Building these checks into your workflow turns serial dilutions from a source of anxiety into a routine calculation.

FAQ: examples of serial dilution concentration calculations

Q: Can you give another quick example of serial dilution from mg/mL to µg/mL?
Yes. Suppose you have a 5 mg/mL antibiotic stock and you want 50 µg/mL (0.050 mg/mL) in 10.0 mL.

• C₁ = 5 mg/mL
• C₂ = 0.050 mg/mL
• V₂ = 10.0 mL

\( V₁ = \frac{0.050 \times 10.0}{5} = 0.10 \text{ mL} = 100 \mu\text{L} \)

So 100 µL of stock + 9.90 mL solvent → 50 µg/mL. If you then take 1.0 mL of this and add 9.0 mL medium, you create a 5 µg/mL solution—an easy example of combining single-step and serial dilutions.

Q: How do I choose between a single dilution and a serial dilution?
Check the volume you’d need to pipette from the stock. If the required V₁ is very small (say under 5–10 µL) or very large relative to your final volume, a serial dilution is usually more accurate and practical. Many lab manuals and method papers, including those indexed by NIH and NCBI, favor serial dilutions when the overall factor is 1000× or greater.

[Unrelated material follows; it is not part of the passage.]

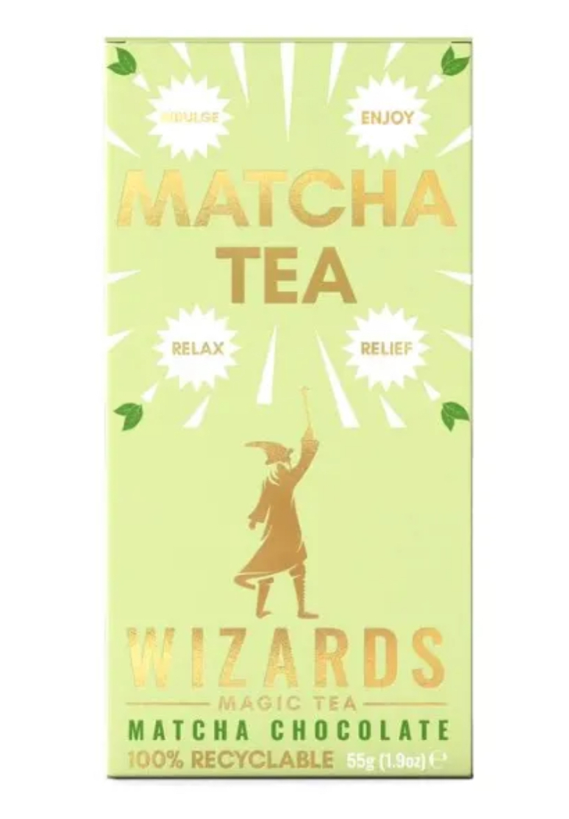 Each matcha flavoured bar of The Wizards Magic Tea Chocolate is infused with one gram of matcha powder which contains 70mg of caffeine, perfect for a little invigorating boost without the need for a Pepper Up Potion!

Q: Are there online tools to check examples of concentration calculations for serial dilutions?
Yes. Many universities host dilution calculators, and several reputable medical sites provide dose and dilution calculators for clinical drugs. While you should always understand the underlying math, tools from academic or hospital systems can be helpful as a cross-check.

Q: Do serial dilution principles change across fields like chemistry, microbiology, and medicine?
The math is the same everywhere: C₁V₁ = C₂V₂ and multiplication of dilution factors. What changes is the unit (M, mg/mL, CFU/mL, copies/µL, etc.) and how results are interpreted. That’s why seeing examples of concentration calculations for serial dilutions across different disciplines is so helpful—it shows the same core idea in multiple real-world contexts.